This is a timeline of major events in the history of the modern state of Jordan.

Partitioning of the Ottoman Empire period
 
1916: In May, in advance of the Triple Entente's defeat of the Ottoman Empire, the Sykes–Picot Agreement carves it up between Britain and France, defining much of the common border between Syria and what was to become Jordan, Palestine / Israel and Iraq. At the time, the area which is today Jordan was part of the Hejaz Vilayet and the Syria Vilayet
1916: In June, Hussein bin Ali, Sharif of Mecca entered into an alliance with the United Kingdom and France against the Ottomans sometime around 8 June 1916, the actual date being somewhat uncertain. This alliance began the Arab Revolt.
1916: In June, Hussein bin Ali, Sharif of Mecca is declared King of the Kingdom of Hejaz
1917: Auda ibu Tayi and T. E. Lawrence defeat the Ottomans at the Battle of Aqaba – the primary military success of the Hashemite forces in the Arab Revolt
1918: Ottomans repel the First Transjordan attack on Amman and Second Transjordan attack on Shunet Nimrin and Es Salt
1918: Between September and October, Triple Entente forces defeat the Ottomans in Megiddo, Damascus, Amman and Deraa
1918: The Ottoman Empire signed the Armistice of Mudros, ending the Middle Eastern theatre of World War I
1918: Faisal, the leader of the Arab revolt and the third son of Hussein, King of Hejaz, is declared head of a provisional government in what was previously the Vilayet of Syria The area which became Trans-Jordan was split between the southern extension of Syria and the northern extension of Hejaz
1920: In March, Faisal proclaimed himself King of the Kingdom of Syria

Mandate for Palestine
1920: In April, the San Remo conference formally outlines the proposed French Mandate for Syria and the Lebanon and British Mandate for Palestine along the lines of the Sykes–Picot Agreement.

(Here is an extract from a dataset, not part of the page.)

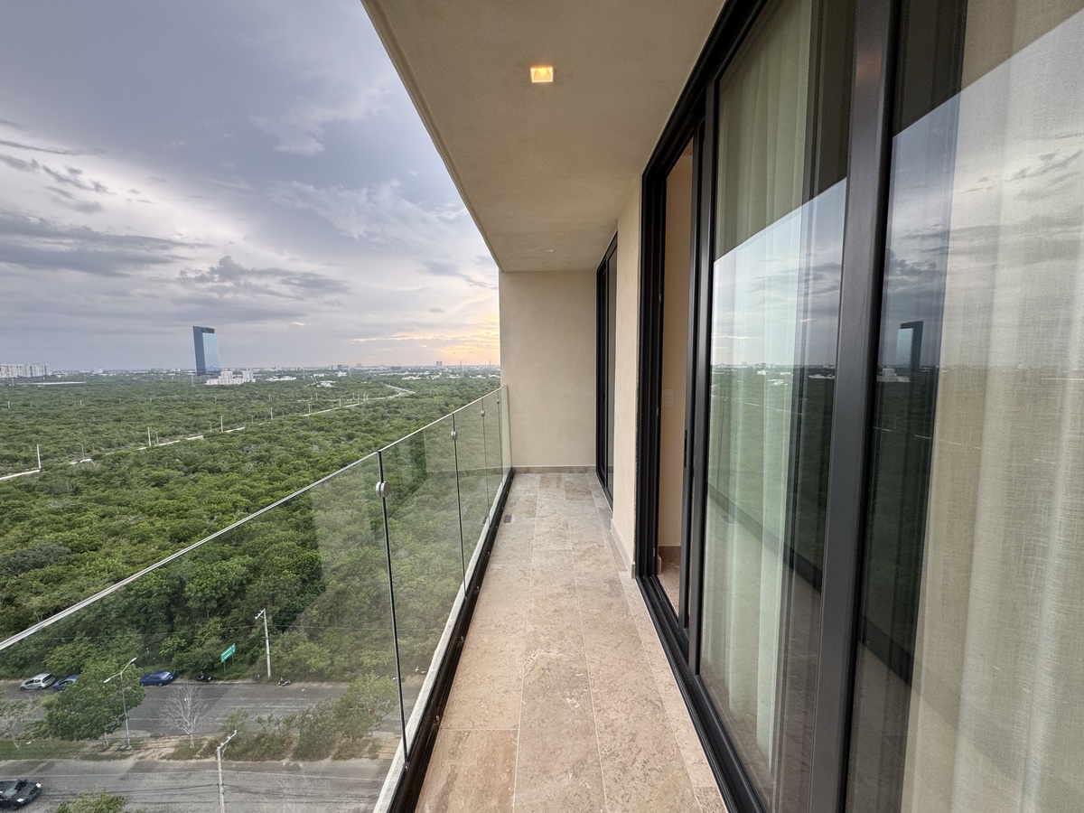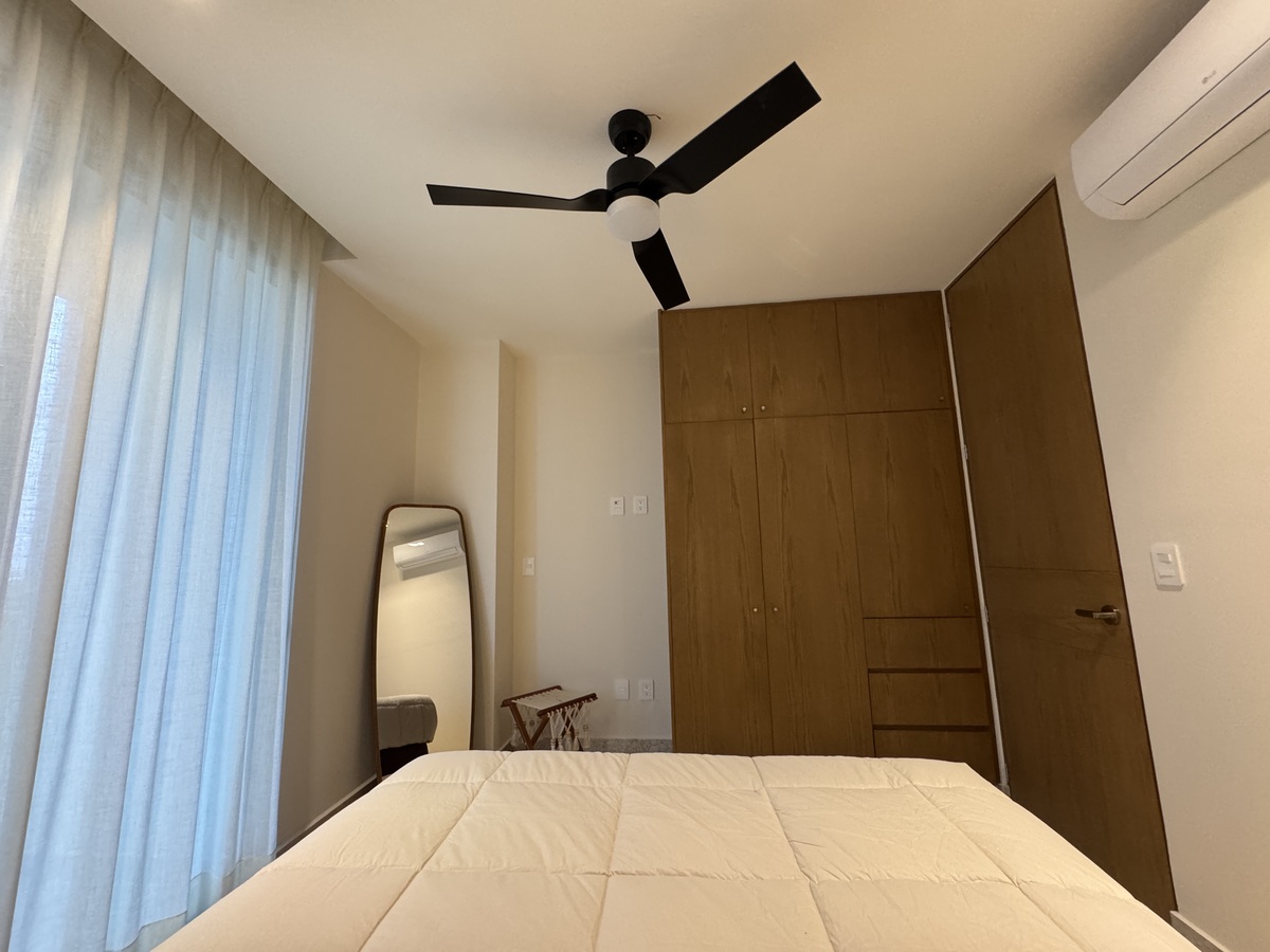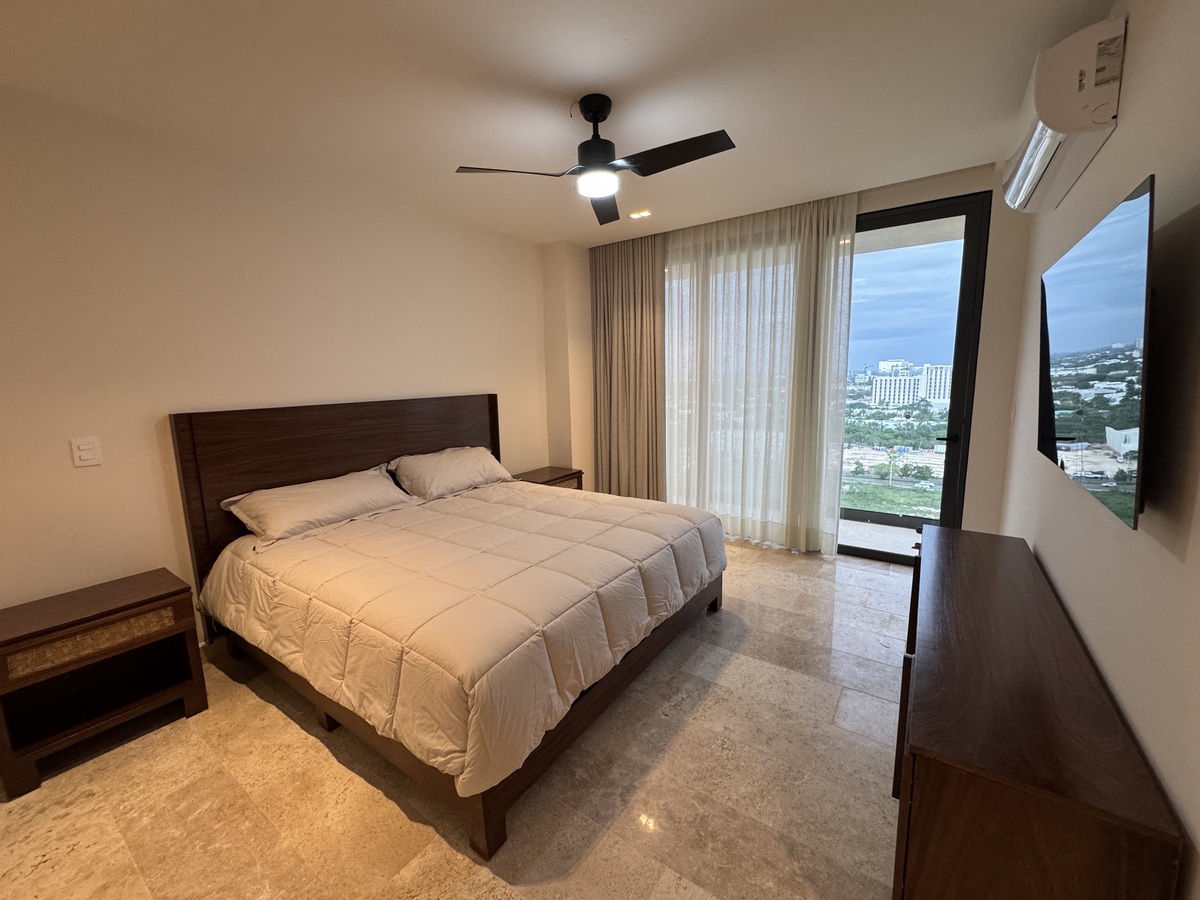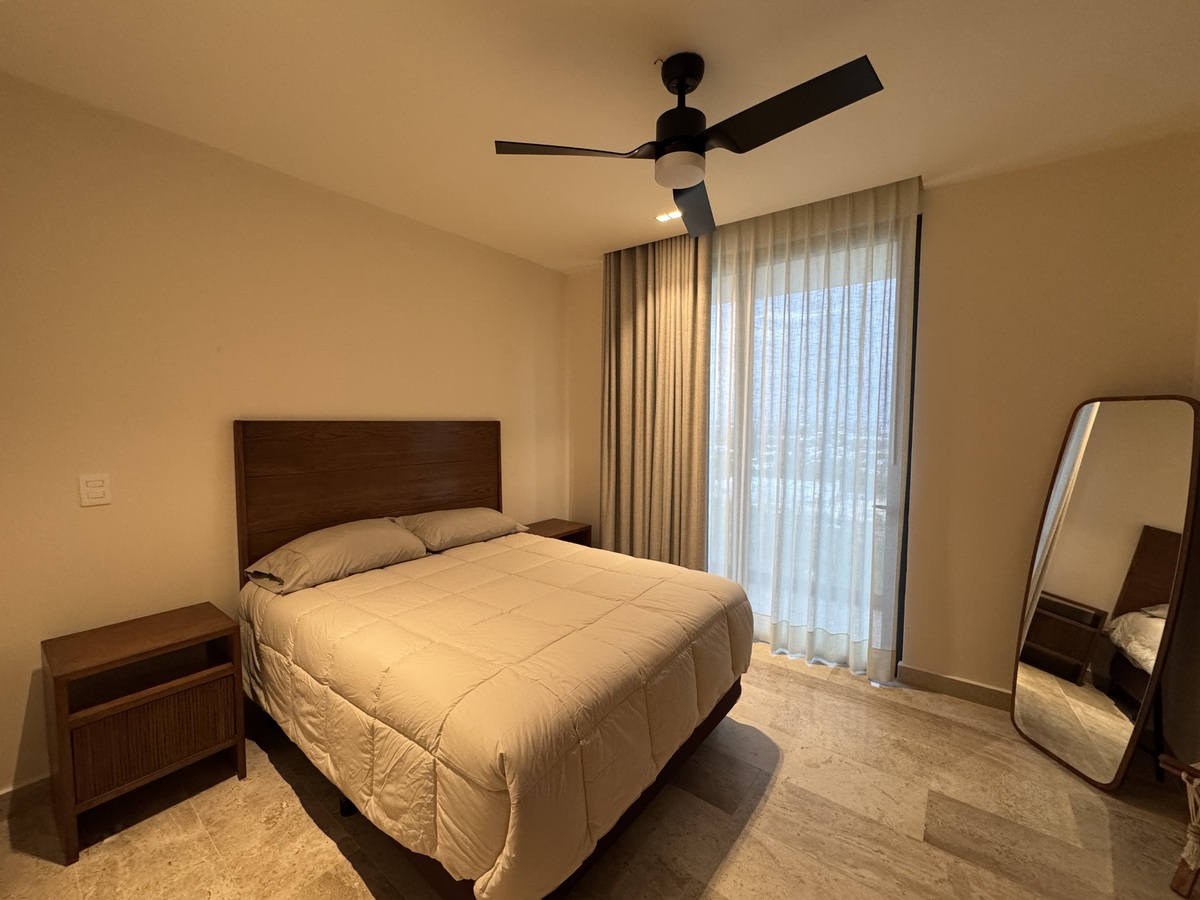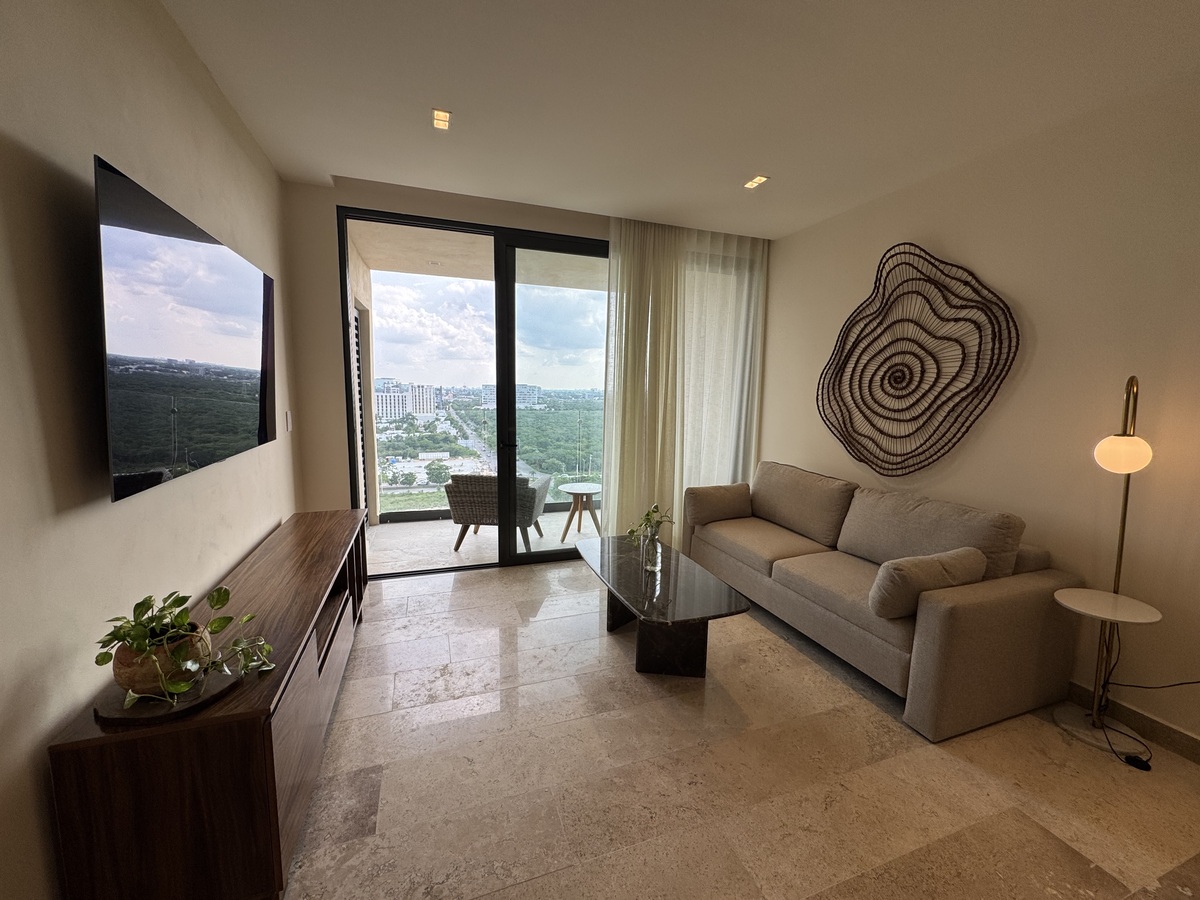 Totalmente amueblado y equipado a estrenar, con mobiliario y electrodomésticos nuevos, amplios espacios, acabados de primera y un balcón panorámico que conecta ambas recámaras.

The border between British and French territory would carve northern Trans-Jordan from the Vilayet of Syria, however no direct mention of Trans-Jordan was made at the conference
1920: Battle of Maysalun – In July, French forces captured Damascus and expelled Faisal. His brother Abdullah moved his forces into Ma'an (then in the north of the Kingdom of Hejaz) with a view to liberating Damascus, where his brother had been proclaimed King in 1918.
1920: In August, Herbert Samuel delivers his speech at Salt, for which he was reprimanded by Curzon
1920: In October, Frederick Peake formed a unit of 150 men called the "Mobile Force"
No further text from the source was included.